Problem ->
Copy the listing below exactly, but skip the pictures.
[Opening Dataset content section]
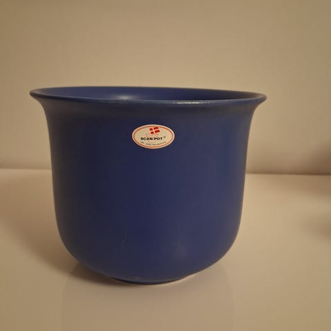 2 Scheurich krukor modell 923-15 i blå keramik. Produkten är tillverkad i Tyskland och har en rund form med räfflade detaljer. 40 kr styck
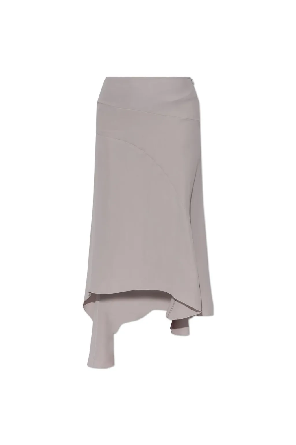A midi skirt with an asymmetric hemline, featuring a draped silhouette and a concealed side zip closure.
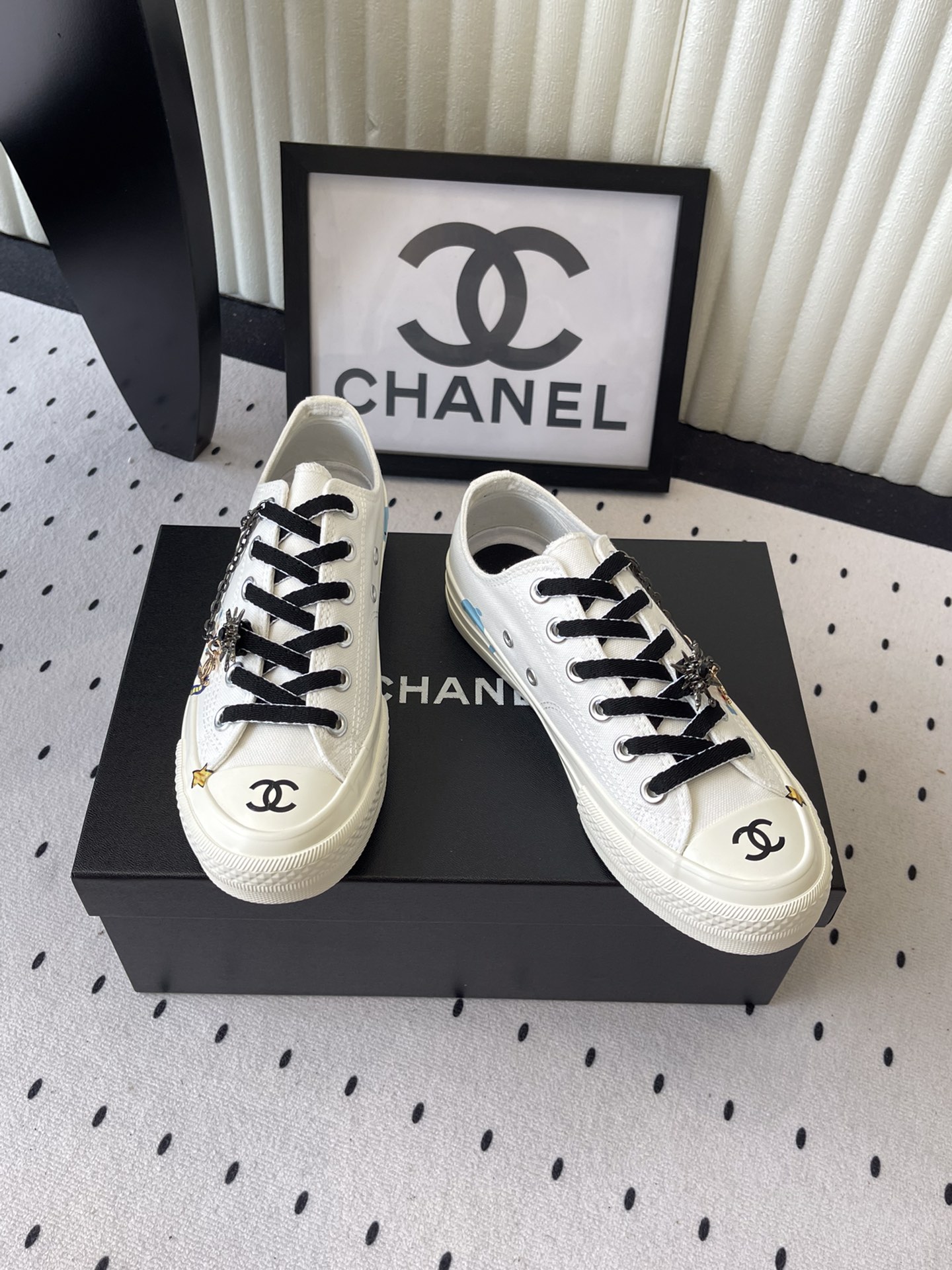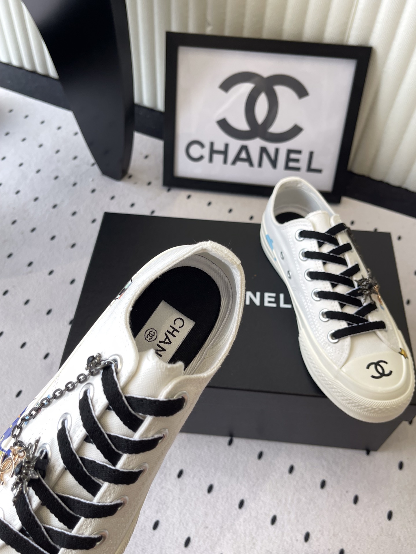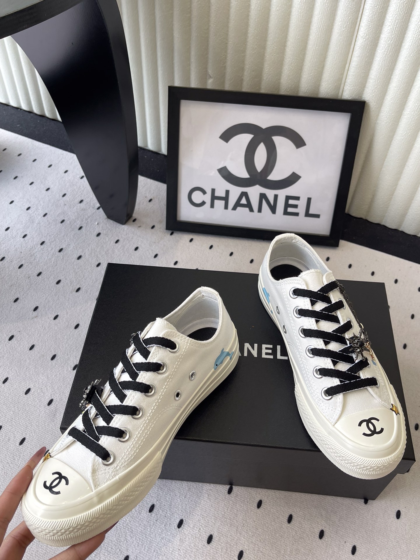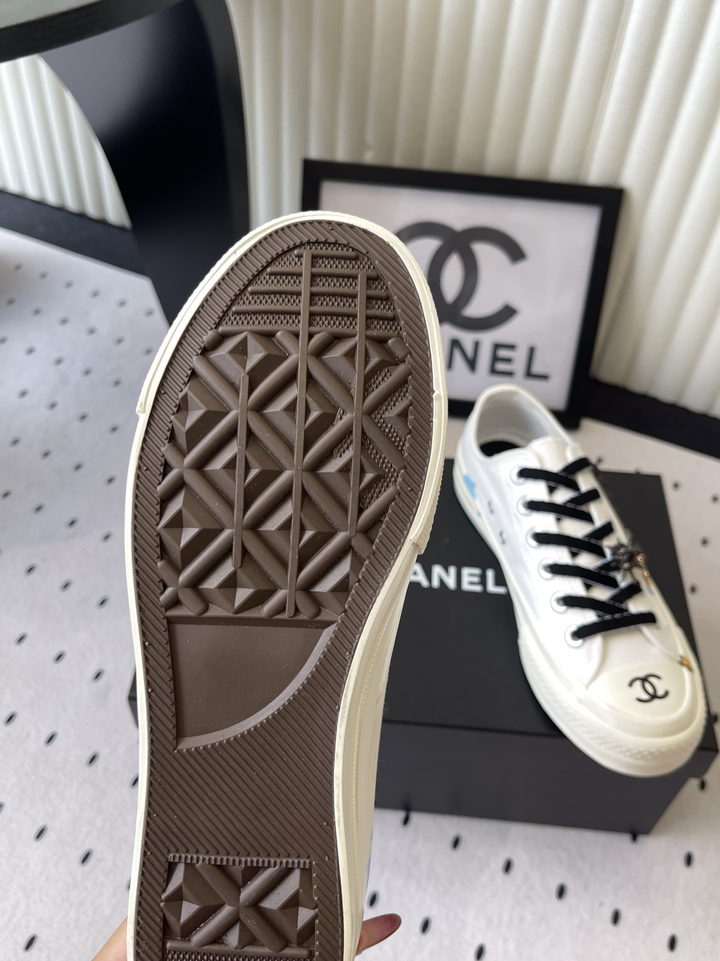这款鞋子是AAAAA 1:1 质量 (非常棒). 使用了和原版一模一样的材料. 商标部分也保持了和香奈儿/Chanel一样. 图片拍摄是实物鞋子拍摄, 您所收到的实物保证和我们图片一模一样.
[Closing Dataset content section]
Answer to this task ->
 2 Scheurich krukor modell 923-15 i blå keramik. Produkten är tillverkad i Tyskland och har en rund form med räfflade detaljer. 40 kr styck
A midi skirt with an asymmetric hemline, featuring a draped silhouette and a concealed side zip closure.
这款鞋子是AAAAA 1:1 质量 (非常棒). 使用了和原版一模一样的材料. 商标部分也保持了和香奈儿/Chanel一样. 图片拍摄是实物鞋子拍摄, 您所收到的实物保证和我们图片一模一样.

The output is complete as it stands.